En mi humilde opinión, de esto es de lo que hablamos cuando denunciamos la pérdida de utilidad del título universitario como llave de acceso a la clase media.
No podría estar más de acuerdo en tu análisis. Sobre todo en la primera parte, la vinculación que se dio por unos pocos años en nuestro país entre éxito académico y éxito social. Hoy en día esto ha muerto; sobre todo -creo- porque la sociedad española no ha sabido dar (darse) un segundo gran impulso en los años ochenta y noventa. Estábamos tan contentos de lo que habíamos hecho (democratización, entrada en Europa, desarrollo económico), que todo el país se tomó un descanso. En educación ese descanso tiene un reflejo perfecto en las tesis estas de que se puede aprender sin esfuerzo. La exigencia, el rigor, el esfuerzo empezaron a ser considerados "fachas". Luego vino lo del 92 y lo guapos que somos y de ahí para abajo hasta llegar a donde hemos llegado ahora.
ResponderEliminarNo sé si todo responde a una conspiración de las clases dirigentes. Casi diría que no, que es la simple dinámica de un país que no cree en serio ni en la cultura, ni en el esfuerzo, ni en el rigor, ni en la investigación, ni en na de na.
Lo que no entiendo, ahora que lo pienso, es porque entre los años sesenta y ochenta la cosa fue como fue.
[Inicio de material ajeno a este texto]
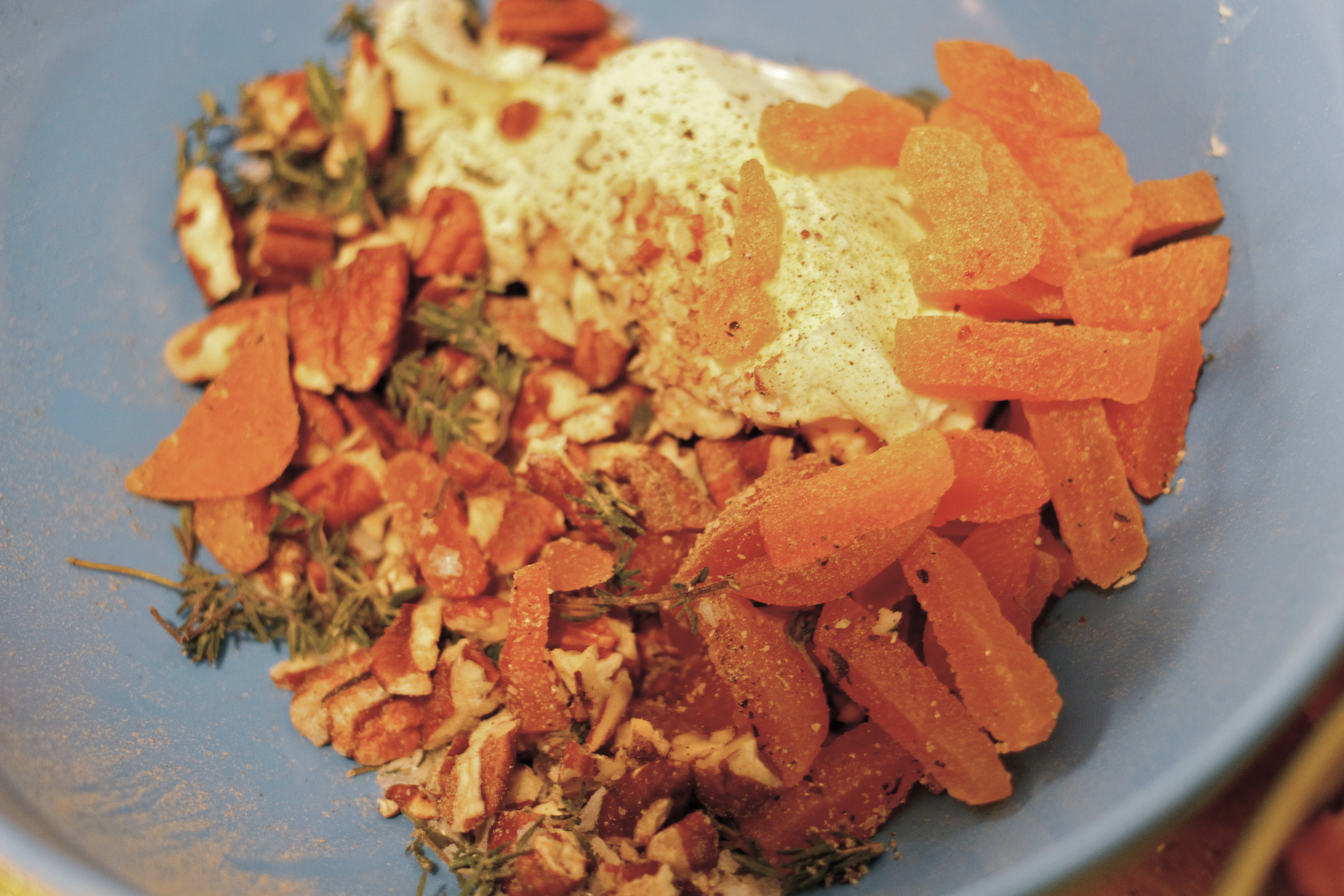 Hin var um 75 g af rjómaosti, sirka 75 g af þurrkuðum apríkósum, söxuðum, svona 40 g af grófsöxuðum pekanhnetum, blöðin af nokkrum timjangreinum (eða dálítið þurrkað timjan, pipar og salt. Ég hrærði báðar fyllingarnar saman, sína í hvorri skál.

Quizás fuera porque la guerra civil y los cuarenta años de franquismo nos habían colocado tan atrás respecto a otros países de Europa que, como dices, la necesidad de gente preparada se hizo tan perentoria que no quedó más remedio que primar el estudio. Quien sabe.
Coincidiendo con la exposición de la realidad que se hace en el post, mi pregunta es por qué los protagonistas fundamentales de este sistema educativo, los profesores, cuya mayoría sitúo en la edad media del Profesor García Amado, por qué, digo, nos sumamos individualmente a la carrera hacia el suelo; qué nos incentiva; qué tememos perder o qué aspiramos a ganar renunciando a exigir un nivel digno.
ResponderEliminarLo que no sucedera nunca es que el hijo de un catedratico acabe barriendo, al menos no sin que su padre haya removido cielo y tierra para evitarlo. Por este motivo, y como las plazas en la mitad superior de la piramide social son limitadas, los hijos de la gente modesta solo puede ascender si y solo si hay crecimiento, como sucedio en los años 60s y tambien durante los primeros años de democracia. Pero si no hay crecimiento el estancamiento de las elites (su falta de renovacion) es inevitable, y eso es, segun Pareto, algo muy malo para la sociedad.